Do you need to click some button when you open this page "devicemng_rebootinfo.htm" ?


----------



## jamaroney (Aug 24, 2022)

VladiBG said:


> If you get to the page source then your login process is working. Then you need to view the actual data that you need to POST to that page, it may be FORM post or some .cgi like reboot.cgi . It's easy by recording your browser network activity via developing tools in chrome based browser and observe the request header when you navigate to this page.
> 
> Do you need to click some button when you open this page "devicemng_rebootinfo.htm" ?


No, going to the page automatically reboots the router - it says things to the effect that my router is now rebooting. If I'm working through normal procedures (starting at the router's home page), it's the page that the router directs to when I select "Reboot Router."


----------



## VladiBG (Aug 24, 2022)

Try to record the traffic activity when you click "reboot router" and see what is the actual POST data which you are sending to that page.


----------



## richardtoohey2 (Aug 24, 2022)

When you login with your browser, the web server on the router creates a session. When you navigate to another page in your browser (like the reboot page) the router knows it is still the same session - the same logged-in user - so it does the reboot.

So you can’t just visit the reboot page from the command line - you have to mimic the whole login/session flow (which is what VladiBG is saying).

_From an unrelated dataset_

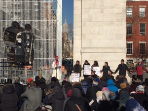 New York’ta aralarında, Hristiyan ve Yahudilerin de olduğu kalabalık, Müslümanlarla birlikte Trump’ın 1. yılına giren göçmenler konusundaki ilk yürütme kararı olan bazı İslam ülkesi vatandaşlarına vize yasağı getiren ve mülteci kabulünü durdurmasını içeren Başkanlık kararnamesini protesto etti.

This might help explain some of the concepts: 








						What are sessions? How do they work?
					

I am just beginning to start learning web application development, using python. I am coming across the terms 'cookies' and 'sessions'. I understand cookies in that they store some info in a key va...




					stackoverflow.com
				




Apologies if you knew all this already.

Should be possible but you’ll have to do the digging to see what exactly your router does.


----------



## jamaroney (Aug 25, 2022)

Thanks for the suggestions. I used Chrome Dev Tools to try to determine what's going on when I get to "devicemng_rebootinfo.htm" (after logging in), but I was unable to come up with anything fruitful.

A lot of time spent unsuccessfully trying to accomplish what I had hoped would be a straightforward task.  Time to move on...

Again, thanks.


----------